Literature DB >> 28050346

Massive Analysis of cDNA Ends (MACE) for transcript-based marker design in pea (Pisum sativum L.).

Aleksandr Zhernakov¹, Björn Rotter², Peter Winter², Alexey Borisov¹, Igor Tikhonovich³, Vladimir Zhukov¹.

Abstract

Aimed at gene-based markers design, we generated and analyzed transcriptome sequencing datasets for six pea (Pisum sativum L.) genetic lines that have not previously been massively genotyped. Five cDNA libraries obtained from nodules or nodulated roots of genetic lines Finale, Frisson, Sparkle, Sprint-2 and NGB1238 were sequenced using a versatile 3'-RNA-seq protocol called MACE (Massive Analysis of cDNA Ends). MACE delivers a single next-generation sequence from the 3'-end of each individual cDNA molecule that precisely quantifies the respective transcripts. Since the contig generated from the 3'-end of the cDNA by assembling all sequences encompasses the highly polymorphic 3'-untranslated region (3'-UTR), MACE efficiently detects single nucleotide variants (SNVs). Mapping MACE reads to the reference nodule transcriptome assembly of the pea line SGE (Transcriptome Shotgun Assembly GDTM00000000.1) resulted in characterization of over 34,000 polymorphic sites in more than 9700 contigs. Several of these SNVs were located within recognition sequences of restriction endonucleases which allowed the design of co-dominant CAPS markers for the particular transcript. Cleaned reads of sequenced libraries are available from European Nucleotide Archive (http://www.ebi.ac.uk/) under accessions PRJEB18101, PRJEB18102, PRJEB18103, PRJEB18104, PRJEB17691.

Entities: CellLine Chemical Disease Species

Keywords: CAPS markers; Gene-based markers; MACE (Massive Analysis of cDNA Ends); Pisum sativum L.; SNVs; Transcriptome sequencing

Year: 2016 PMID： 28050346 PMCID： PMC5192247 DOI： 10.1016/j.gdata.2016.12.004

Source DB: PubMed Journal: Genom Data ISSN： 2213-5960

Direct link to deposited data

http://www.ebi.ac.uk/ena/data/view/PRJEB18101 http://www.ebi.ac.uk/ena/data/view/PRJEB18102 http://www.ebi.ac.uk/ena/data/view/PRJEB18103 http://www.ebi.ac.uk/ena/data/view/PRJEB18104 http://www.ebi.ac.uk/ena/data/view/PRJEB17691

Introduction

Garden pea (Pisum sativum L.) is one of the most agriculturally important legumes in the world and a versatile model plant for studying the genetic bases of beneficial plant-microbe interactions [1]. Hence, the development of genetic and genomic resources for pea such as single nucleotide variants (SNV) datasets is demanded for both basic and applied science. These SNVs may serve as a base for marker development for genotyping and/or genetic mapping. Considering the lack of a pea genomic sequence, transcriptome analysis by next generation sequencing (NGS) is an appropriate solution for SNV discovery. We here focused our efforts on such genetic lines which have been used in several mutagenesis programs aimed at identification of pea symbiotic genes involved in the interaction of the plant with nodule bacteria and arbuscular-mycorrhizal fungi [2], [3], [4], [5], [6]. We expect that the development of transcript-based molecular markers will facilitate genetic mapping of symbiotic genes with unknown genomic location.

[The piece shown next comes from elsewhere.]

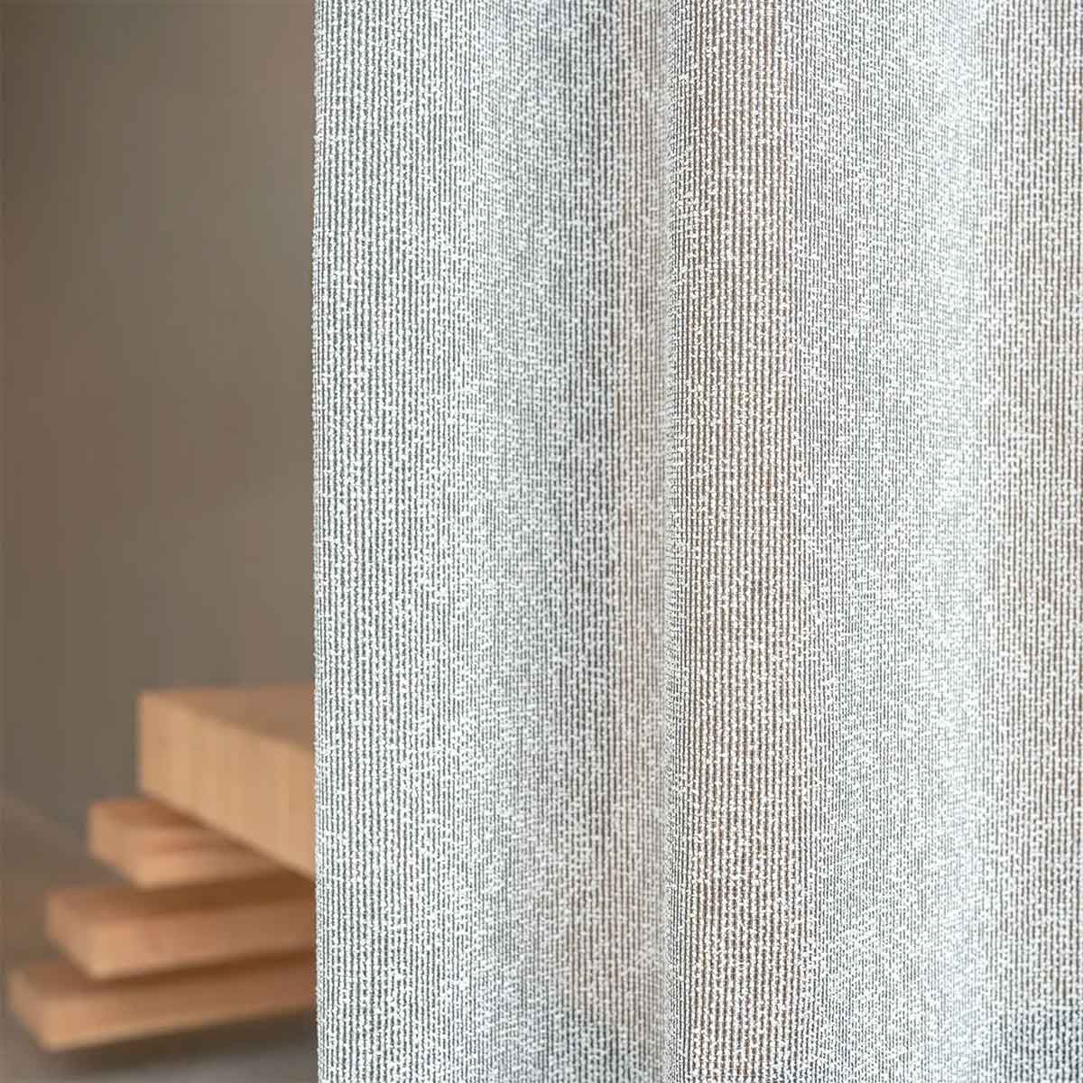 Toby, a veil by Vescom, reveals a faux-uni pattern formed by irregular vertical streaks. The openwork weave lets light through and gives the surface an airy presence. The structure creates a discreet graphic effect, made of subtle contrasts between opacity and transparency. This textile expresses the richness of a minimalist style, worked in detail.

Experimental design, materials and methods

Biological materials

Transcriptomic analysis was performed on five pea (Pisum sativum L.) genetic lines: Finale = JI2678 [2], Frisson = JI2491 [3], NGB1238 = JI0073 (also known as WBH1238, WL1238), Sparkle = JI0427 [4], Sprint-2 = JI2612 [6] (JI - identifiers of JIC Pisum Collection, https://www.seedstor.ac.uk/search-infocollection.php?idCollection=6). Seeds were surface-sterilized with concentrated sulfuric acid (98%) (15 min on a shaker), washed 10 times with autoclaved distilled water, and germinated on Petri dishes containing sterile vermiculite for 3 days. The germinated seeds were then planted into 2 L pots containing quartz sand (5 seedlings per pot), watered with nitrogen-free mineral nutrition solution [7], and inoculated with an aqueous suspension of Rhizobium leguminosarum bv. viciae RCAM1026 [8] (1 × 106 CFU per pot). Samples (nodules or nodulated roots of all plants from one pot) were harvested according to peculiarities of pea lines: on day 14 post inoculation (dpi) for Sparkle, on 21 dpi for Sprint-2, on 28 dpi for Finale, Frisson and NGB1238. Harvested material (mature nodules of lines Finale, Frisson and Sprint-2, nodulated roots of lines NGB1238 and Sparkle) was placed in liquid nitrogen, ground into powder, and stored at − 80 °C until needed.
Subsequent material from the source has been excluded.